[[ Given entries open ]]
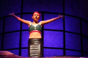 It’s fortunate, then, that the Actor’s Theatre reprise directed by Laley Lippard layers on so much visual lyricism, a magical mix of set and sound design by Chip Decker, costumes by Carrie Cranford, and lighting by Hallie Gray. Adults and even Vi’s best friend Jacob look comparatively humdrum, and so do their surroundings. But when we ascend to Vi’s bedroom, the aqua colors glow and the mermaid couture glitters – worn by both Vi and her hermaphroditic online inspiration, Merperson/Crux.
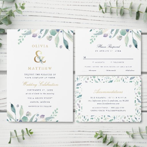 Personlig med prisvärda bröllop förlovningsfest-inbjudningar med information om din händelse. Den här eleganten är utformad med en faux-guld-folie-ampersand med delikat blått och grönt vattenfärgsblad på vit bakgrund. Använda designen verktyg för att anpassa texten, redigera typsnitt och färg eller lägga till egna foton för att skapa en gruppinbjudan för klasser och snyggtar.
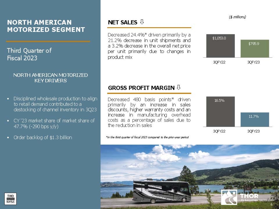 ($ millions) $2,640.1 $1,124.4 3QFY22 3QFY23 17.2% 12.8% 3QFY22 3QFY23 NET SALES  Decreased 57 . 4 % * driven by a 57 . 3 % decrease in unit shipments due to a softening in current dealer and consumer demand in comparison with the unusually strong third quarter demand in the prior - year quarter, which included independent dealers restocking their lot inventory levels GROSS PROFIT MARGIN  Decreased 440 basis points* driven primarily by higher manufacturing overhead, warranty and direct labor percentages, partially offset by a decrease in the material cost percentage due to the combined favorable impacts of product mix changes, net selling price increases and cost savings initiatives exceeding the impact of increased sales discounts *in the third quarter of fiscal 2023 compared to the prior - year period NORTH AMERICAN TOWABLE SEGMENT Third Quarter of Fiscal 2023 NORTH AMERICAN TOWABLE KEY DRIVERS • Disciplined wholesale production to align to retail demand contributed to a destocking of channel inventory in 3Q23 • CY ‘23 travel trailer and fifth wheel market share of 42.2% (+150 bps y/y) • Order backlog of $757 million 5
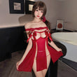 心动调频 性感蕾丝蝴蝶结露胸开档露臀睡裙
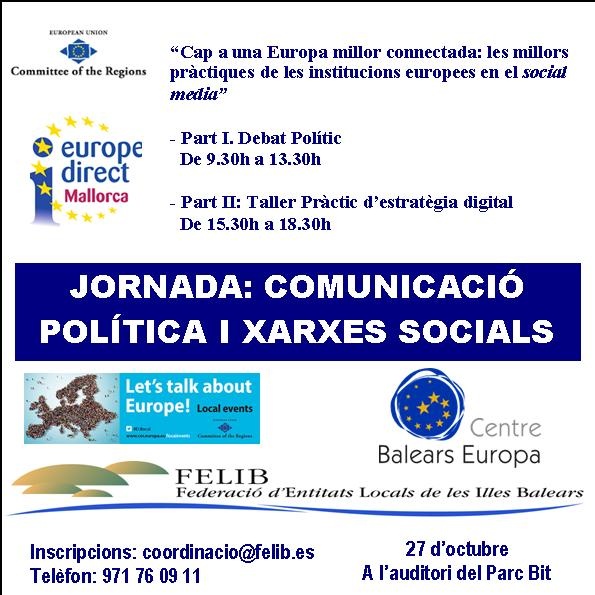 Durant aquesta jornada, organitzada amb la participació del Comitè Europeu de Regions i el Centre Balears Europa, es durà a terme un debat sobre el paper polític dels nous social media (facebook, twitter, web 2.0 i d’altres), i es realitzarà un taller pràctic de comunicació digital impartit per els millors especialistes en comunicació pública i estratègia digital de les institucions europees.
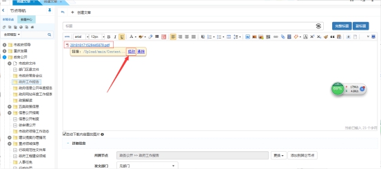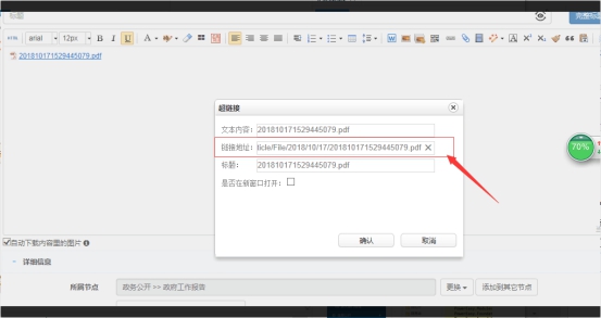 如何实现直接打开文章内容页预览PDF 来源:本站原创 点击数: 次 发布时间:2018年11月02日 需要达成的效果如图:列表页点击列表直接是PDF预览 操作如下: 先创建一篇文章 然后到需要添加文章的栏目,选择添加链接文章,将之前弄好的pdf文件链接填入即可。
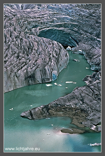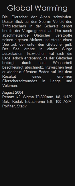 Die Gletscher der Alpen schwinden. Dieser Blick auf den See im Vorfeld des Triftgletschers in der Schweiz gehört bereits der Vergangenheit an. Der rasch abschmelzende Gletscher verstopfte seinen eigenen Abfluss und staute einen See auf, der unter den Gletscher griff. Der See drohte in einem Surge auszulaufen. Inzwischen hat sich die Lage jedoch entspannt, da der Gletscher bedingt durch sein Wasserbett beschleunigt abschmolz. Inzwischen liegt er wieder auf festem Boden auf. Mit dem Resultat eines enormen Gletscherschwundes in Länge und Volumen.
[[ Given entries closed ]]
Write out the records word for word. Pictures stay out.

● Finished exercise
 It’s fortunate, then, that the Actor’s Theatre reprise directed by Laley Lippard layers on so much visual lyricism, a magical mix of set and sound design by Chip Decker, costumes by Carrie Cranford, and lighting by Hallie Gray. Adults and even Vi’s best friend Jacob look comparatively humdrum, and so do their surroundings. But when we ascend to Vi’s bedroom, the aqua colors glow and the mermaid couture glitters – worn by both Vi and her hermaphroditic online inspiration, Merperson/Crux.
 Personlig med prisvärda bröllop förlovningsfest-inbjudningar med information om din händelse. Den här eleganten är utformad med en faux-guld-folie-ampersand med delikat blått och grönt vattenfärgsblad på vit bakgrund. Använda designen verktyg för att anpassa texten, redigera typsnitt och färg eller lägga till egna foton för att skapa en gruppinbjudan för klasser och snyggtar.
 ($ millions) $2,640.1 $1,124.4 3QFY22 3QFY23 17.2% 12.8% 3QFY22 3QFY23 NET SALES  Decreased 57 . 4 % * driven by a 57 . 3 % decrease in unit shipments due to a softening in current dealer and consumer demand in comparison with the unusually strong third quarter demand in the prior - year quarter, which included independent dealers restocking their lot inventory levels GROSS PROFIT MARGIN  Decreased 440 basis points* driven primarily by higher manufacturing overhead, warranty and direct labor percentages, partially offset by a decrease in the material cost percentage due to the combined favorable impacts of product mix changes, net selling price increases and cost savings initiatives exceeding the impact of increased sales discounts *in the third quarter of fiscal 2023 compared to the prior - year period NORTH AMERICAN TOWABLE SEGMENT Third Quarter of Fiscal 2023 NORTH AMERICAN TOWABLE KEY DRIVERS • Disciplined wholesale production to align to retail demand contributed to a destocking of channel inventory in 3Q23 • CY ‘23 travel trailer and fifth wheel market share of 42.2% (+150 bps y/y) • Order backlog of $757 million 5
 心动调频 性感蕾丝蝴蝶结露胸开档露臀睡裙
 Durant aquesta jornada, organitzada amb la participació del Comitè Europeu de Regions i el Centre Balears Europa, es durà a terme un debat sobre el paper polític dels nous social media (facebook, twitter, web 2.0 i d’altres), i es realitzarà un taller pràctic de comunicació digital impartit per els millors especialistes en comunicació pública i estratègia digital de les institucions europees.
 如何实现直接打开文章内容页预览PDF 来源:本站原创 点击数: 次 发布时间:2018年11月02日 需要达成的效果如图:列表页点击列表直接是PDF预览 操作如下: 先创建一篇文章 然后到需要添加文章的栏目,选择添加链接文章,将之前弄好的pdf文件链接填入即可。
 Die Gletscher der Alpen schwinden. Dieser Blick auf den See im Vorfeld des Triftgletschers in der Schweiz gehört bereits der Vergangenheit an. Der rasch abschmelzende Gletscher verstopfte seinen eigenen Abfluss und staute einen See auf, der unter den Gletscher griff. Der See drohte in einem Surge auszulaufen. Inzwischen hat sich die Lage jedoch entspannt, da der Gletscher bedingt durch sein Wasserbett beschleunigt abschmolz. Inzwischen liegt er wieder auf festem Boden auf. Mit dem Resultat eines enormen Gletscherschwundes in Länge und Volumen.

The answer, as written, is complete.